Use Modulo instead of Subtract
Finding the difference is fine, but finding the modulo which gives the remainder is even faster. This is because remainder is the result performing multiple subtractions in one shot. Lets see how to approach the algorithm.
Pseudocode
Given integers A and B, where A > B, return its GCD.
1. Save B as a temp variable.
2. Set B equal to A % B.
3. Set A equal to the temp.
4. Repeat steps 1-3 until B equals 0.
5. Return A.
Resources
To get a deeper understanding, check out a proof on Euclid’s Algorithm here by Khan Academy.
Hint 1
Try using a while loop. Which step would be the while condition?
Hint 2
To make the pseudocode work for the general case where the first integer can be smaller or larger than the second integer by swapping them if A < B. What if one or more of the values are negative?
Solution
function gcd(a, b){
// if inputs are negative integers, convert to positive
if(a < 0) { a *= -1; }
if(b < 0) { b *= -1; }
let temp;
// swap inputs if a < b
if(a < b) {
temp = a;
a = b;
b = temp;
}
// use modulo to reduce the larger value until one number is zero
while(b > 0) {
temp = b;
b = a % b;
a = temp;
}
// return the non zero value
return a;
}
Refactoring
In some languages (Python, Ruby, Javascript ES6) swapping can be done a bit more clean, lets refactor using an ES6 feature of JavaScript called destructuring assignment.

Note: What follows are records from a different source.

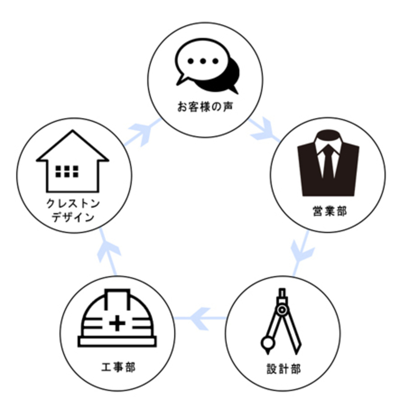 家選びで大切なことは、自らが納得し満足して家を購入できること。しかしクレストンホームが見つめているのはその先。満足のその先にある、ワンランク上の満足を目指しています。そのために同社が強みとしているのが営業部・設計部・工事部が三位一体となった、地域の特性に合った家づくり。毎週金曜日に欠かさず行う「部の横断会議」。営業部が地域やお客様の声を吸い上げ、それを設計部と工事部の観点からブラッシュアップし家づくりへフィードバックしています。
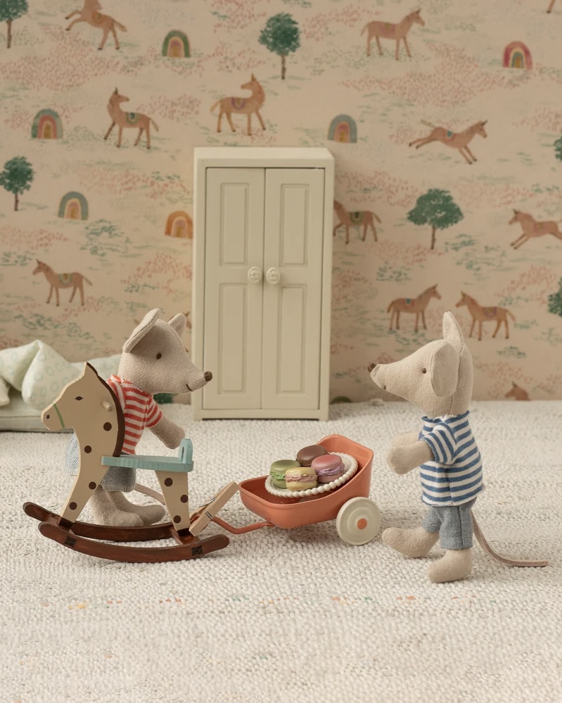 L’armoire Souris Maileg rose léger est un indispensable du mobilier miniature. Conçue en bois, elle permet à la famille souris de ranger soigneusement vêtements et accessoires tout en apportant une touche décorative délicate à la maison.
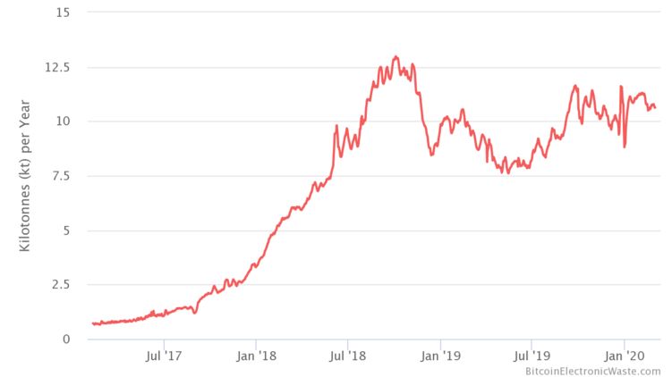 График роста электронных отходов от майнинга биткоина. Данные: исследование Алекса де Фриза
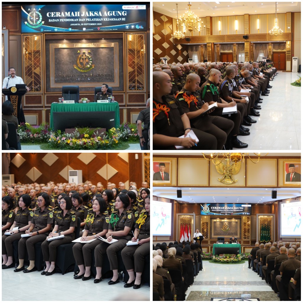 Jakarta - Jaksa Agung ST Burhanuddin memberikan ceramah kepada Siswa Pendidikan dan Pelatihan Pembentukan Jaksa (PPPJ) Angkatan LXXXI (81) Gelombang I Tahun 2024, di Badan Pendidikan dan Pelatihan Kejaksaan Republik Indonesia, Senin (09/9/2024).dengan materi ceramahnya yang berjudul “Jaksa PRIMA”. Adapun yang dimaksud dengan PRIMA adalah PROFESIONAL, RESPONSIF, INTEGRITAS, berMORAL dan ANDAL yang dilandasi dengan nilai-nilai TRI KRAMA ADHYAKSA Menurut Jaksa Agung, PRIMA dalam hal
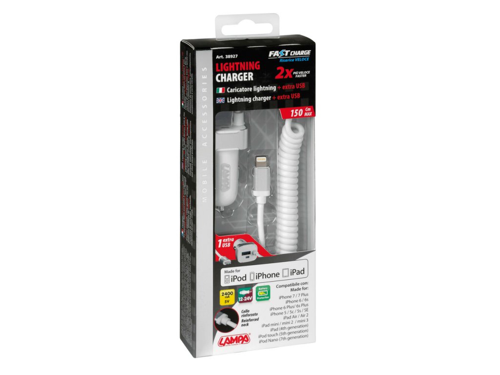 Nabíjačka s USB port, 2400 mA, 12 / 24V pre Apple - APPLE LIGHTNING ( iPod, iPhone, iPad)
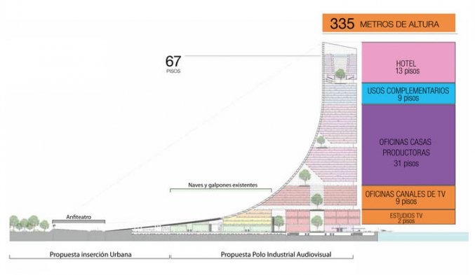 El edificio Costanera Center ya no será el más alto de América Latina. Argentina anunció la propuesta de la torre emblema para el polo audiovisual en la isla Demarchi, Buenos Aires, la que tendrá 335 metros y 67 pisos. Se espera esté listo en 2019.
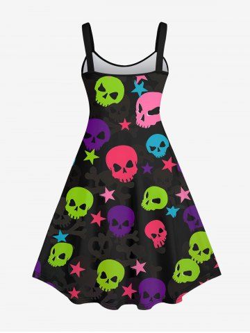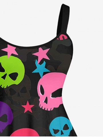 Plus Size Coloful Skull Star Print Tank Dress - Black - 6x
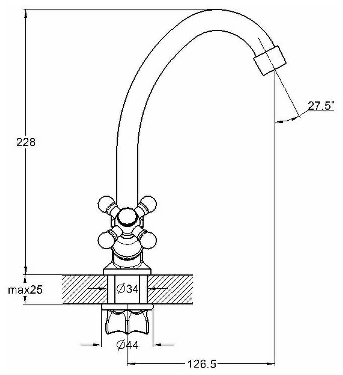Смеситель DMX4-A605 (TZA-A605), двурукий смеситель для кухни на гайке эконом
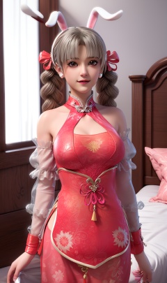 masterpiece,(best quality),official art, extremely detailed cg 8k wallpaper,((crystalstexture skin)), (extremely delicate and beautiful),highly detailed,hair_ribbon,twin_braids,animal_ears,1girl,solo,long hair,headwear,(standing),( hair),(dress:0.987),(chinese clothes:0.897),(tight_pants:0.988),((upper body)),sweet smile, (medium breasts),((hair_ornament)),detached_sleeves,clothing_cutout,(sunshine, indoor,(bed)),((looking_at_viewer)), <lora:hipoly3DModelLora_v10:0.3>
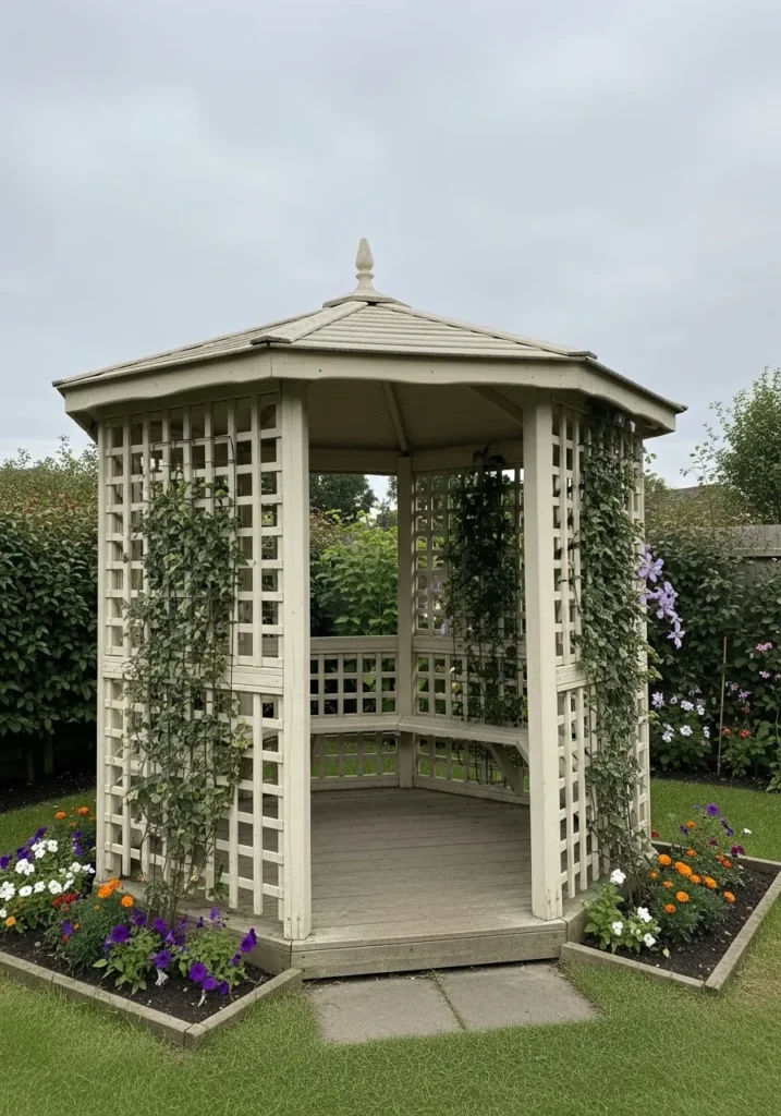 This charming white gazebo is wrapped in traditional lattice panels that offer privacy while still keeping the space open and airy. Climbing greenery weaves through the lattice, softening the structure and blending it beautifully into the garden. The curved interior bench and clean lines of the roof give it a timeless elegance. Surrounded by blooming flowers and manicured grass, it feels like a romantic garden centerpiece.
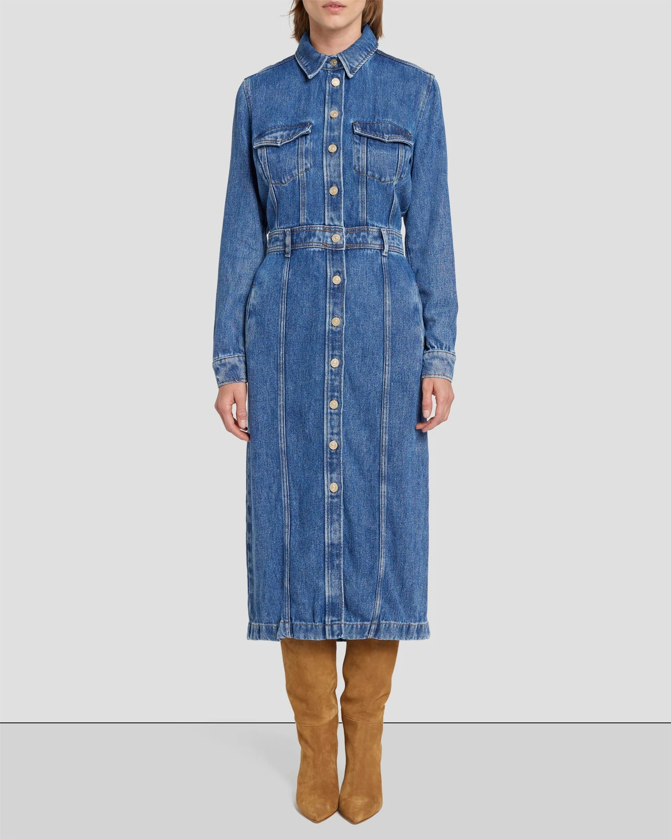 Soft as silk, light as air. Crafted from 100% lyocell, our Denim Lustre line has a super-soft hand feel and is made with the environment in mind. This Luxe Dress falls mid-calf and features a cinched waist and a shank button cuff. Wear this women’s denim dress slightly unbuttoned at the hem for an adjustable front slit, or pair it with your favorite pair of 7s for full denim dressing.
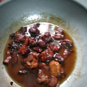倒入适量的油,小火加热后放冰糖使冰糖熔化后发黄冒泡后加入排骨翻炒,再加姜片和大蒜子翻炒,再加八角、酱油、适量的盐翻炒,再加热水,水盖过排骨多点点,大火烧开5分钟,再用小火煮一个小时左右,出锅,如油多了可捞出排骨,再加入适当的汁就可吃入最好再加点香莱更味美香甜了!
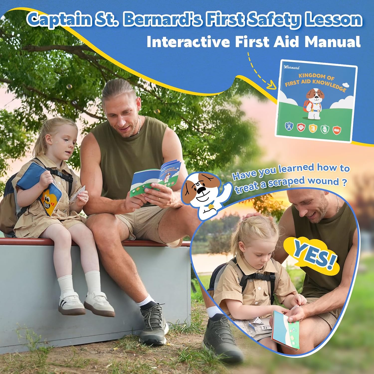 - š[[Captain St. Bernard Leads the First Lesson] Meet Captain St. Bernardāthe friendly pup on our logo, guiding kids through every page of the cartoon manual. This beloved mascot turns first aid into a fun adventure, teaching little ones to stay calm and handle boo-boos step-by-step. More than a kit: itās their first safety class, led by your childās new favorite St. Bernard friend

//Given two integers, find the greatest common divisor.
function gcd(a, b){
// if inputs are negative convert to positive
if(a < 0) { a *= -1; }
if(b < 0) { b *= -1; }
// swap inputs if a < b
if(a < b) {
[a, b] = [b, a];
}
// use modulo to reduce the larger value until one number is zero
while(b > 0) {
// set a to b and b to the modulo of a and b
[a, b] = [b, a % b];
}
// return the non zero value
return a;
}
More Refactoring
Notice if we take the modulo A % B where A < B, we actually just get A back. For example 5 % 10 = 5
. This is because 10
goes into 5
zero times and we get a remainder of 5
.
A further optimization is that we can just remove the initial swap out completely. Because the logic inside the while
loop takes care of the swap for us if A < B initially. Lets remove all the comments out for clarity.
Final Solution
function gcd(a, b){
if(a < 0) { a *= -1; }
if(b < 0) { b *= -1; }
while(b > 0) { [a, b] = [b, a % b]; }
return a;
}
Challenge 1 : Number of Ones in a Sorted Bit Array
Given a sorted bit array (values of either 0 or 1), determine the number of 1’s in the array.
Perform this in O(log(N))
time complexity.
Input: [0,0,0,1,1,1,1,1,1,1,1]
Output: 8
Hint 1
If we know the index of the first 1 in the array we can compute the the number of 1’s using the length of the array.
Hint 2
Try using a binary search. But what target value would we even be searching for?